Judgements

Vakharia Traders And Shri Biren H. … vs Commissioner Of Central Excise on 7 April, 2004

Customs, Excise and Gold Tribunal – Mumbai
Vakharia Traders And Shri Biren H. … vs Commissioner Of Central Excise on 7 April, 2004
Equivalent citations: 2004 (173) ELT 287 Tri Mumbai
Bench: A Wadhwa


ORDER

Archana Wadhwa, Member (J)

1. Vide his impugned order, the Joint Commissioner of Central Excise & Customs, Surat confiscated 123 pcs of man made fabric recovered and seized from the appellants factory on the ground that the same was not entered in R.G.1 Register at the time of visit of Central Excise Officers, with an option to the appellant to redeem them on payment of fine of Rs. 70,000/-. In addition, duty of Rs. 1,68,030/- has been confirmed on the ground that the appellant had clandestinely removed 590 pcs of man made fabric. The above fact is based upon the scrutiny of lot register which was incomplete for the last two years, as also upon the statement of Shri Biren H. Vakharia, partner of the appellant company. Penalty of Rs. 2 lakhs has been imposed on M/s. Vakharia Traders and Rs. 25,000/- has been imposed on the second appellant Shri Biren H Vakharia, partner of M/s. Vakharia Traders under the provision of Rule 209A of Central Excise Rules, 1944.

2. Heard Shri M.N. Saiyed, Ld. Consultant appearing for the appellant and Shri Arun Chopra, Ld.

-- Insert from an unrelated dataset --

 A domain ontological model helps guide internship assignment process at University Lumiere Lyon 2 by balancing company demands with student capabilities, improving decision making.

JDR for the Revenue.

3. As per the facts on records the appellant’s factory was visited by the Central Excise Officers on 8.8.1998 who conducted various checks and on verification it was found that 123 pcs of processed man made fabric were not entered in the R.G.1 register on a reasonable belief that the same were meant for clandestine clearance, officers seized the said fabrics. Their records, maintained under Central Excise law were also seized and scrutiny of grey fabrics register revealed that entries of processed fabrics and clearance were not reflected for the last two years. On the above basis the Revenue concluded that the appellant had cleared the fabrics without payment of duty. Accordingly show cause notice was issued. The same was adjudicated by the Joint Commissioner in the above terms. Appeal against the same did not succeed before the Commissioner (Appeals). Hence the present appeal.

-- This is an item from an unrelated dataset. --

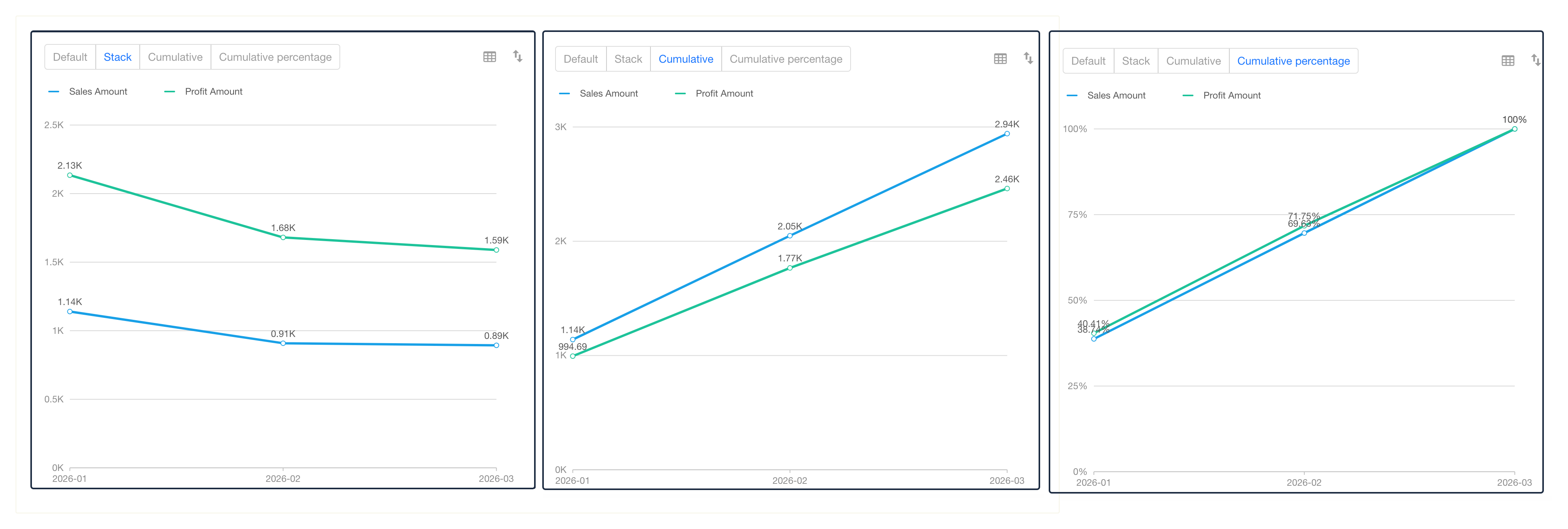 In the chart preview toolbar, you can switch calculation modes to support different analysis goals:

4. The appellant’s main contention is that apart from the fact that grey fabric register was not maintained, there is no other evidence to reflect upon the clandestine removal of the goods. He submits that if there was any intention on their part to process and clear the goods without reflecting the same in their statutory records, the appellant would not have made the receipt entries in the grey fabric register. It is their contention that for arriving at the finding of the clandestine removal, the onus is upon the Revenue to discharge the burden by production of some positive and tangible evidence. No other investigation has been made by the Revenue in the present case to support their charge of clandestine removal Referring to the statement of the partner, it has been clarified that he, interalia, admitted the panchnama and the fact of non-maintenance of grey fabric register but has nowhere given the details of clandestine removal. As such the statement cannot be considered as admission on the part of the partner. The Ld. Advocate’s submission is that at the most it is a case of improper maintenance of the records which can invite penal action under Rule 226 of Central Excise Rules, 1944 which prescribes a fine of Rs. 2000/-.

5. Shri. Arun Chopra, Ld. JDR countered the above arguments and has reiterated the reasoning of the authorities below.

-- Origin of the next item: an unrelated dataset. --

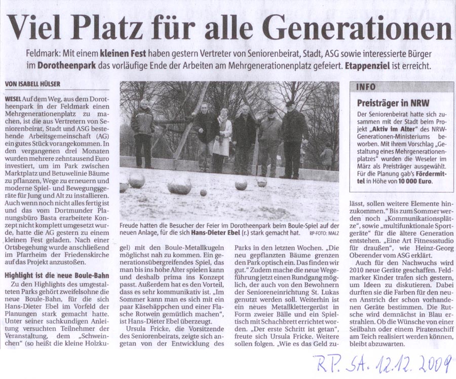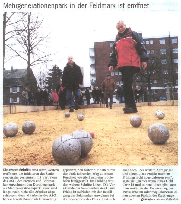 Der erste Bauabschnitt im Dorotheenpark ist abgeschlossen: Die ASG-Wesel hat Teile der geplanten Neugestaltungen umgesetzt, wie z.B. eine Boule-Bahn oder neue Wegeführungen.

6. After considering the submissions made by both the sides, I find that entire case of Revenue is based upon non-completion of grey fabric register maintained by the appellant. As contended by the Ld. Consultant, if the appellant was having any malafide intention to clear goods without payment, he would have not made entries of receipt of grey fabric in the register. The allegations of clandestine manufacture and removal of final product are required to be substantiated by production of some positive evidence, which is absent in the present case. Even the statement of the partner is not in the nature of any admission of having cleared the goods without payment of duty. As such I am in agreement with the appellant’s contention that demand of duty on this ground is not sustainable. As regards the confiscation of seized goods the appellant have taken a stand that the same was production of the day of the visit of the officers and has to be entered in the R.G.1 register at the end of the day. The above stand was taken in the very first statement before the Revenue. It is the contention of the Ld. Consultant that the fabrics in question are only half day’s production of the unit. The above stand has not been rebutted by the authorities. As such, I do not find any justification in confiscation of the goods.

7. As regards penalty on second appellants, I do not find any justification for imposition of the same inasmuch as the duty demand for clandestine removal has been set aside. However, I find that the appellant had not maintained proper entry in their grey fabric register which invite penal action under the provisions of Rule 226 of Central Excise Rules. Accordingly, I reduce the penalty to Rs. 2,000/- under the said section on M/s. Vakharia Traders. Penalty on Shri. Biren H. Vakharia is set aside in toto. The appeals are disposed of in above terms.